──────── Data records

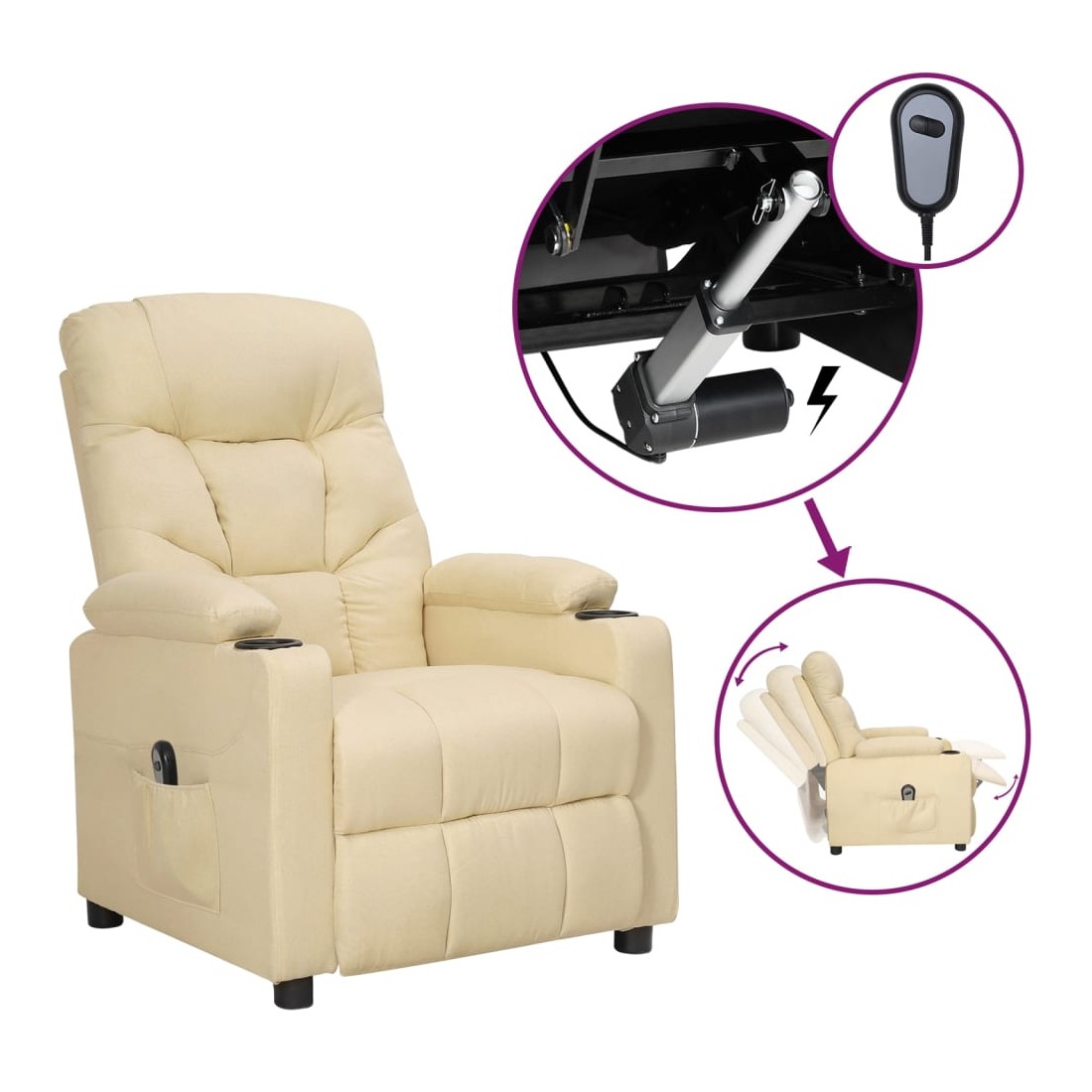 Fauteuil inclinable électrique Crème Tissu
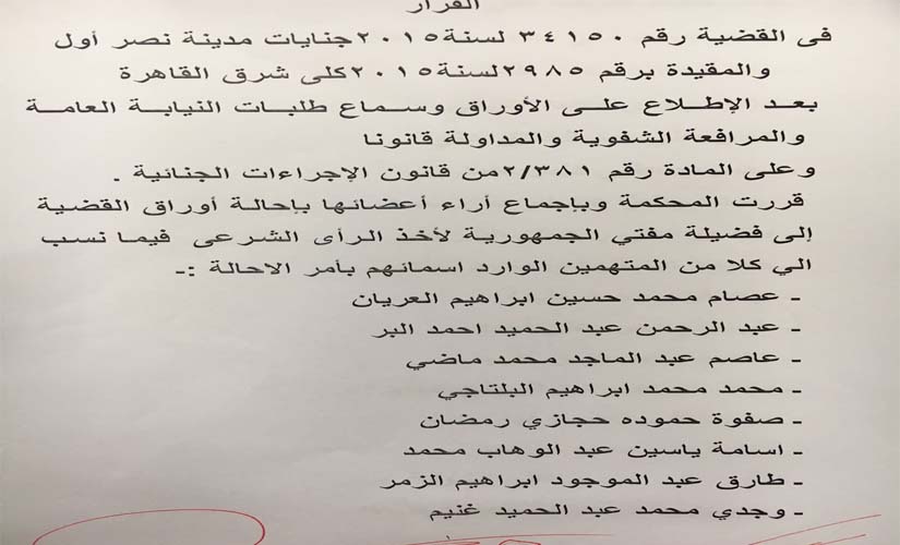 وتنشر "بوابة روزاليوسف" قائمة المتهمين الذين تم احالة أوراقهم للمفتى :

────────────────
──────── Data records

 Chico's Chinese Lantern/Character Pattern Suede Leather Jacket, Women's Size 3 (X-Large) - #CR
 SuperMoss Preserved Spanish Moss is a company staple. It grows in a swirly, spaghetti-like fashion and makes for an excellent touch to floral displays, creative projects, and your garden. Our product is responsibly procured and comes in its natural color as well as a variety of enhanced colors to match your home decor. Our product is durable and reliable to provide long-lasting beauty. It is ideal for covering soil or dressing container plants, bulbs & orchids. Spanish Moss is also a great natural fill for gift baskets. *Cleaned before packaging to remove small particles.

────────────────
──────── Data records

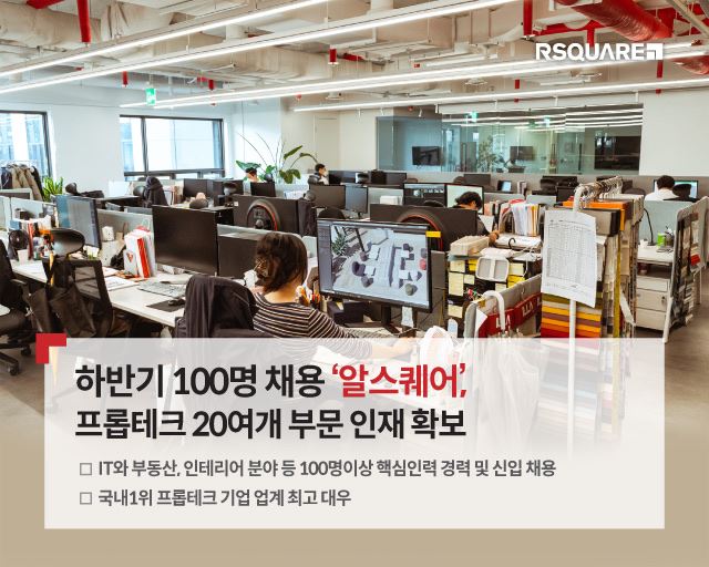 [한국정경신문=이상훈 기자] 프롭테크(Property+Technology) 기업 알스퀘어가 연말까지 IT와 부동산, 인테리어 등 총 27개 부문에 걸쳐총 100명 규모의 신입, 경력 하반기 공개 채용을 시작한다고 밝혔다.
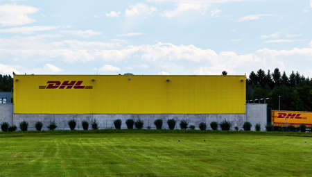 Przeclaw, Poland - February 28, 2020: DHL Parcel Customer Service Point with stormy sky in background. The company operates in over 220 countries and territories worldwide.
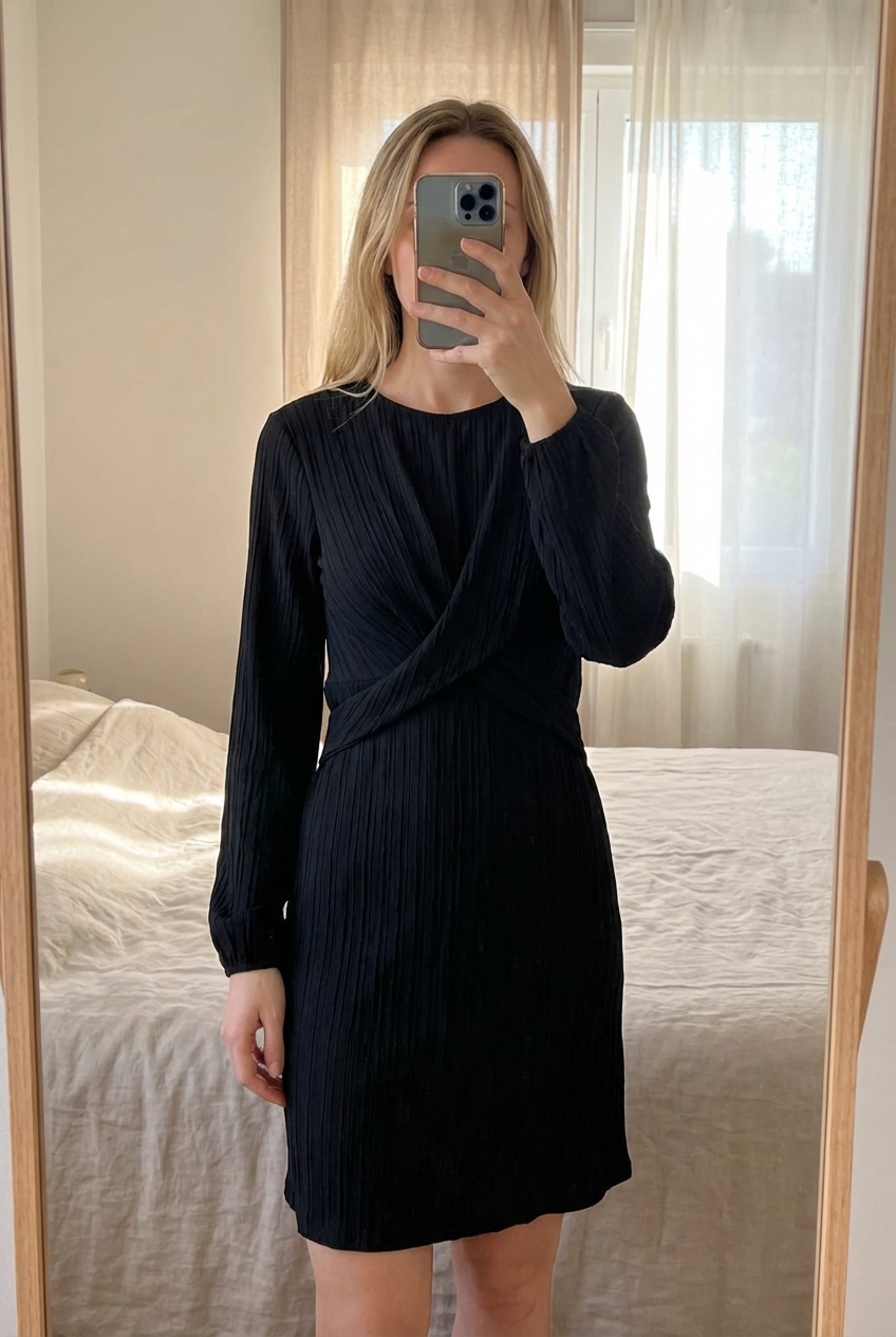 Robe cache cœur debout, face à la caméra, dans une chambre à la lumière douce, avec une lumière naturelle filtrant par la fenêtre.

────────────────

Problem requirements:
Starting at the line above that has "[한국정경신문=이상훈 기자] 프롭테크(Property+Technology)" and ending at the line that has "Przeclaw, Poland - February", copy each line exactly, leaving the pictures out and adding nothing.

Response to the exercise:
 [한국정경신문=이상훈 기자] 프롭테크(Property+Technology) 기업 알스퀘어가 연말까지 IT와 부동산, 인테리어 등 총 27개 부문에 걸쳐총 100명 규모의 신입, 경력 하반기 공개 채용을 시작한다고 밝혔다.
 Przeclaw, Poland - February 28, 2020: DHL Parcel Customer Service Point with stormy sky in background. The company operates in over 220 countries and territories worldwide.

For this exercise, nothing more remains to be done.